> **TASK DESCRIPTION**
Images should not appear in the copy, yet every line of the listing below must be printed exactly.

> **DATA EXTRACT**
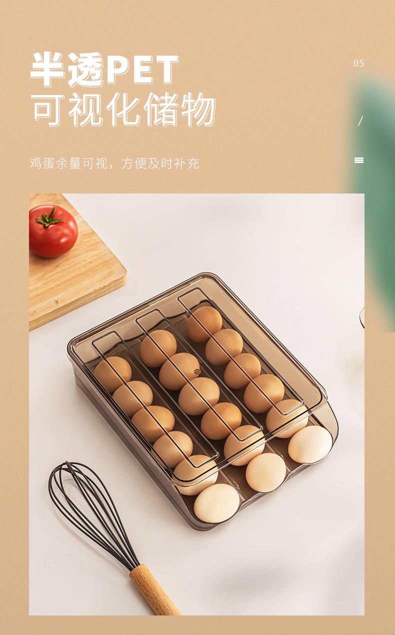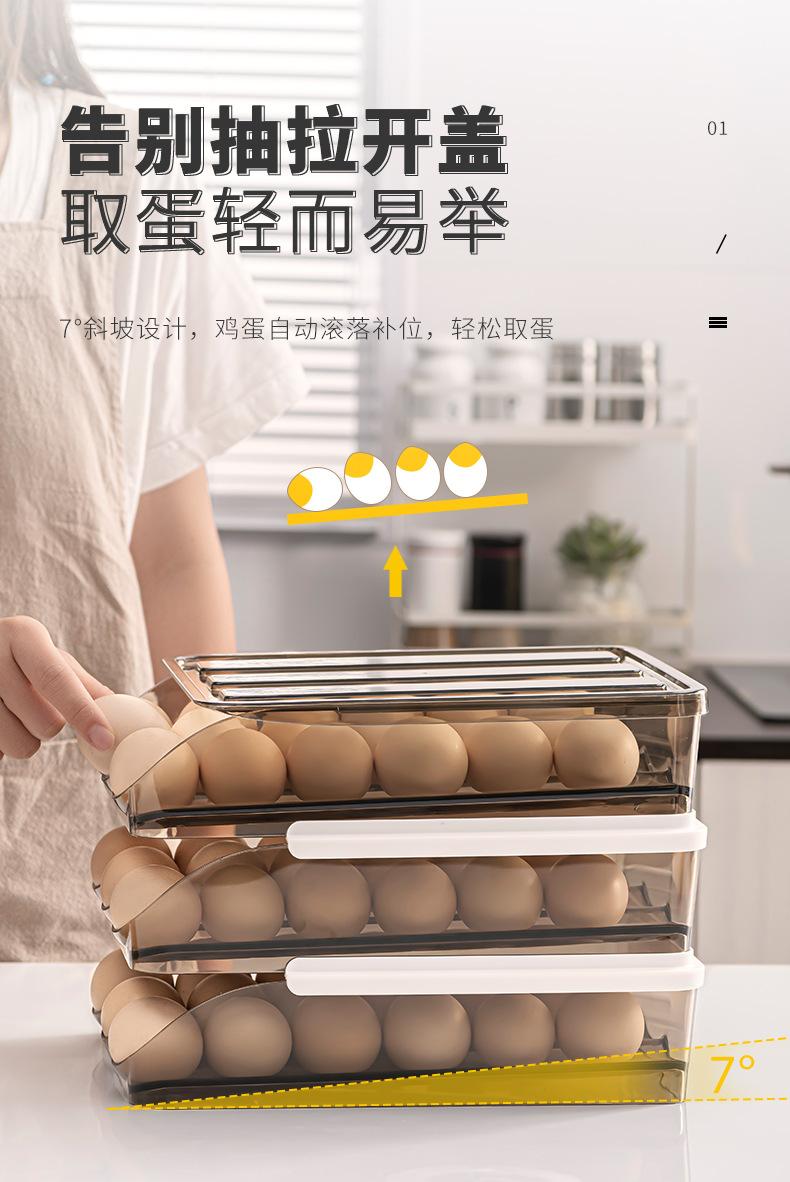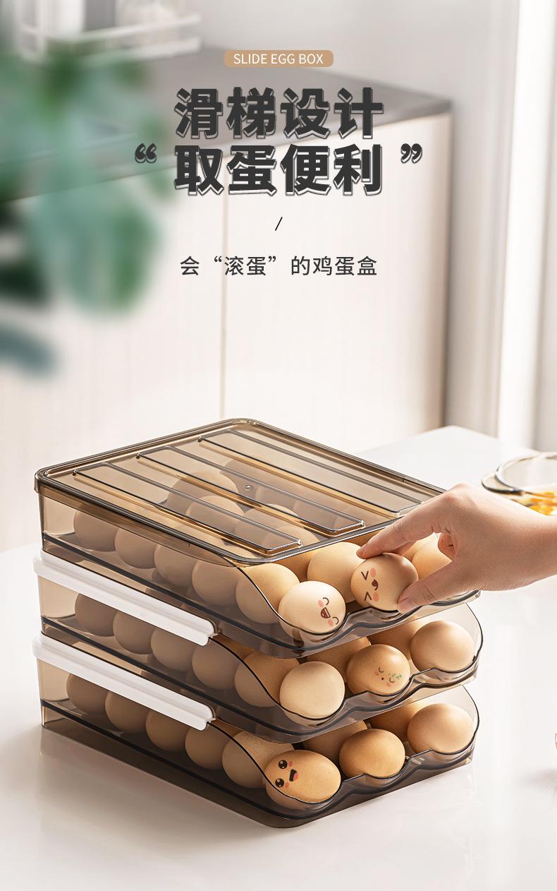 Caja de Almacenamiento Tipo Cajón para Cocina Soporte para Huevos Estante Refrigerador Doméstico Conservación de Alimentos Rodamiento Automático de Huevos Caja de Huevos Multicapa
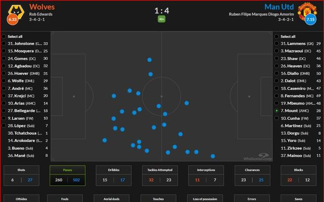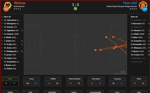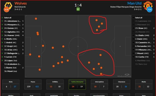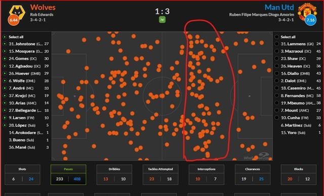 曼联这回终于跑起来了,球到脚下不磨叽了,处理得快。这可能也跟狼队自己人站得太靠前有关系,他们两边跟没人一样。你瞅狼队抢球,抢了二十多次,有十次是在曼联的地盘上。
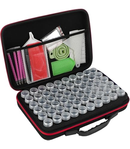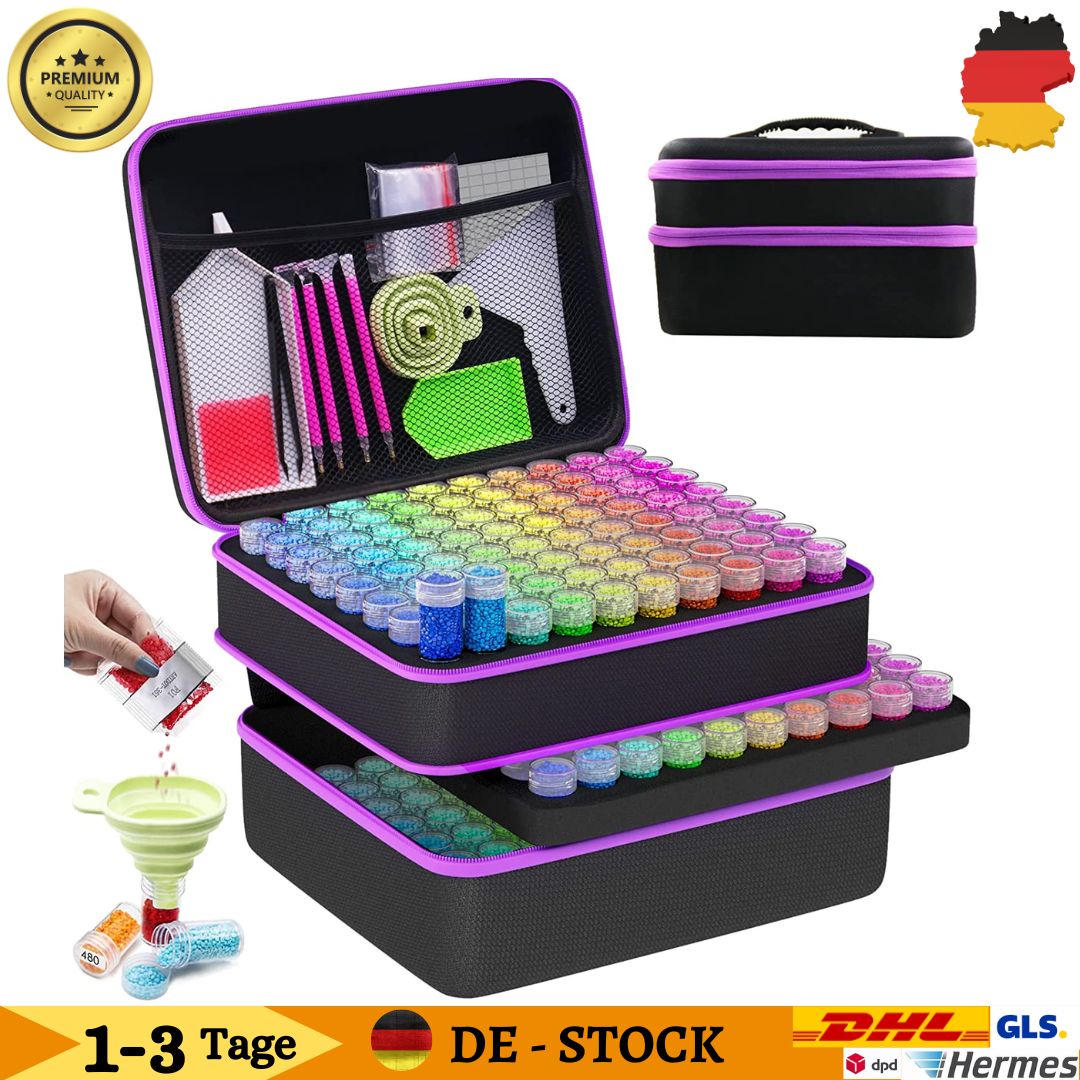 Endlich Ordnung in deinem Diamond Painting Hobby! Diese superpraktische Aufbewahrungsbox von TAVOLOZZA hat alles, was du brauchst: 60 Flaschen für deine Diamanten, zusammenklappbaren Trichter, Pinzette, 3 Diamantstifte, 3 Anti-Ermüdungsgriffe, 2 Schalen, Korrekturwerkzeug und vieles mehr. Mit 70 Aufklebern findest du immer schnell die richtige Farbe. Der ausziehbare Tragegriff macht die Box perfekt für unterwegs - ob im Urlaub oder bei Freunden. Das stilvolle Design sieht auch zu Hause super aus. Aus hochwertigem Material und sehr stabil. Übrigens: Die Box eignet sich auch prima zur Aufbewahrung von Schmuck oder anderen kleinen Accessoires. Ein tolles Geschenk für alle DIY-Fans!
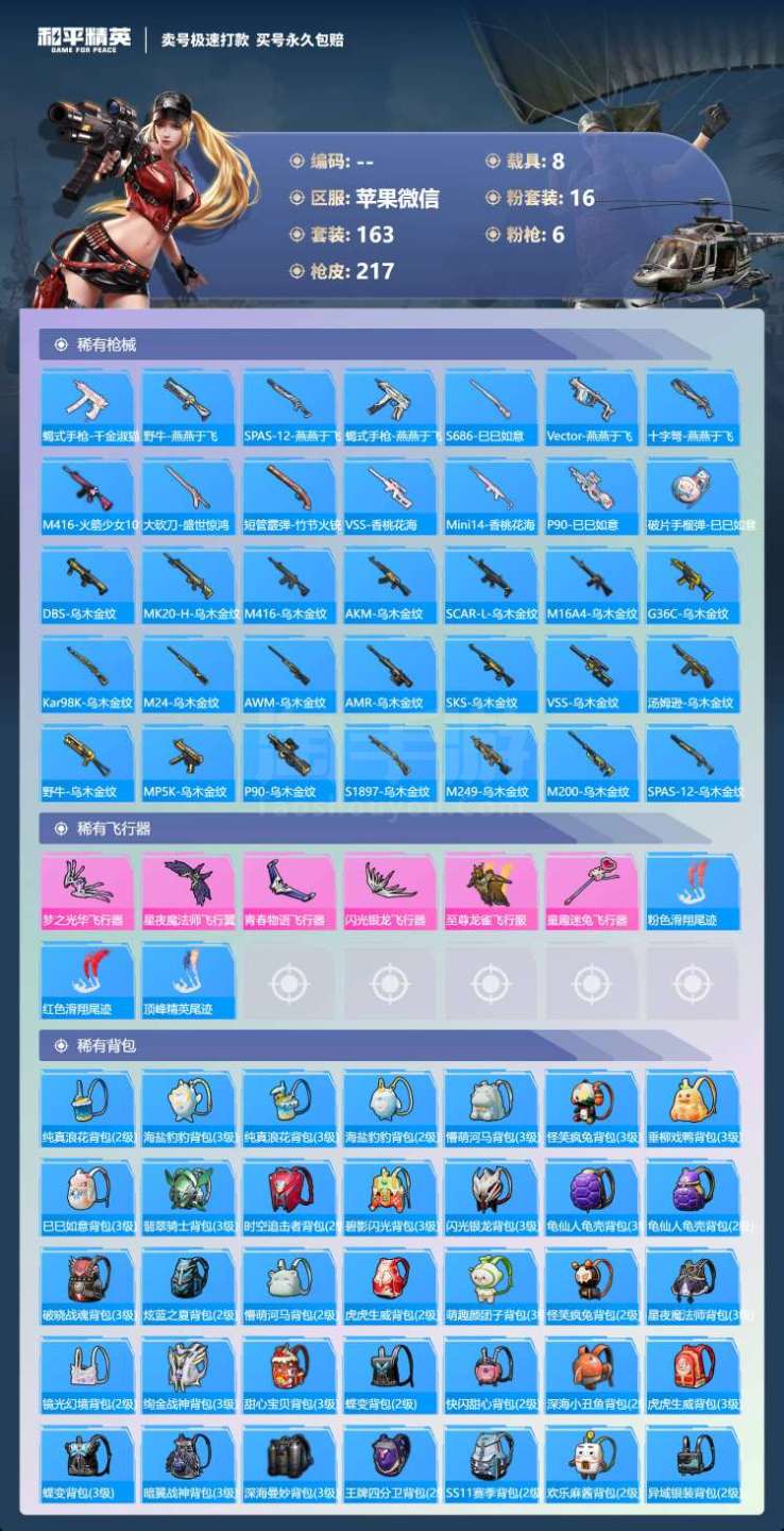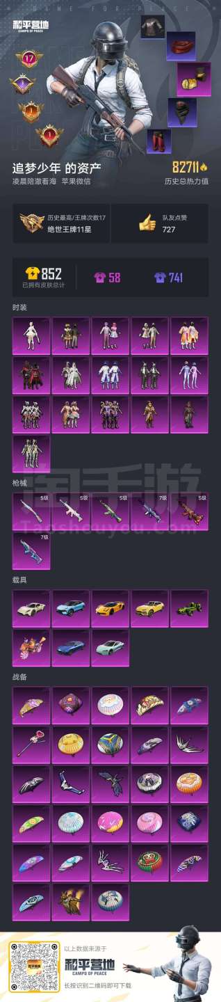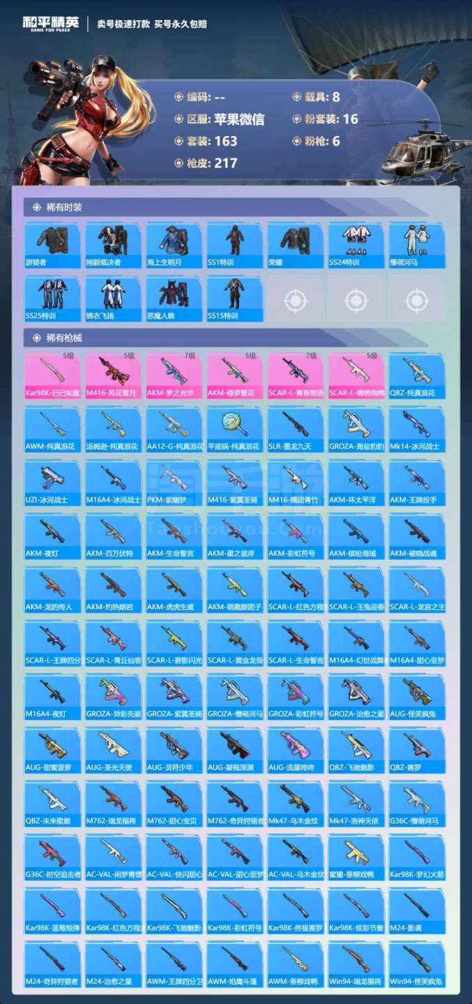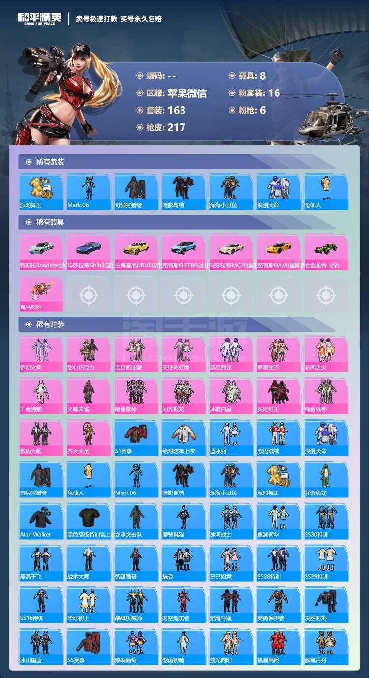 a3155/苹果微/S1赛事巡查员/-17王牌印记-16粉装-6特效枪-8载具-82711热力值-

> **RESPONSE BOX**
 Caja de Almacenamiento Tipo Cajón para Cocina Soporte para Huevos Estante Refrigerador Doméstico Conservación de Alimentos Rodamiento Automático de Huevos Caja de Huevos Multicapa
 曼联这回终于跑起来了,球到脚下不磨叽了,处理得快。这可能也跟狼队自己人站得太靠前有关系,他们两边跟没人一样。你瞅狼队抢球,抢了二十多次,有十次是在曼联的地盘上。
 Endlich Ordnung in deinem Diamond Painting Hobby! Diese superpraktische Aufbewahrungsbox von TAVOLOZZA hat alles, was du brauchst: 60 Flaschen für deine Diamanten, zusammenklappbaren Trichter, Pinzette, 3 Diamantstifte, 3 Anti-Ermüdungsgriffe, 2 Schalen, Korrekturwerkzeug und vieles mehr. Mit 70 Aufklebern findest du immer schnell die richtige Farbe. Der ausziehbare Tragegriff macht die Box perfekt für unterwegs - ob im Urlaub oder bei Freunden. Das stilvolle Design sieht auch zu Hause super aus. Aus hochwertigem Material und sehr stabil. Übrigens: Die Box eignet sich auch prima zur Aufbewahrung von Schmuck oder anderen kleinen Accessoires. Ein tolles Geschenk für alle DIY-Fans!
 a3155/苹果微/S1赛事巡查员/-17王牌印记-16粉装-6特效枪-8载具-82711热力值-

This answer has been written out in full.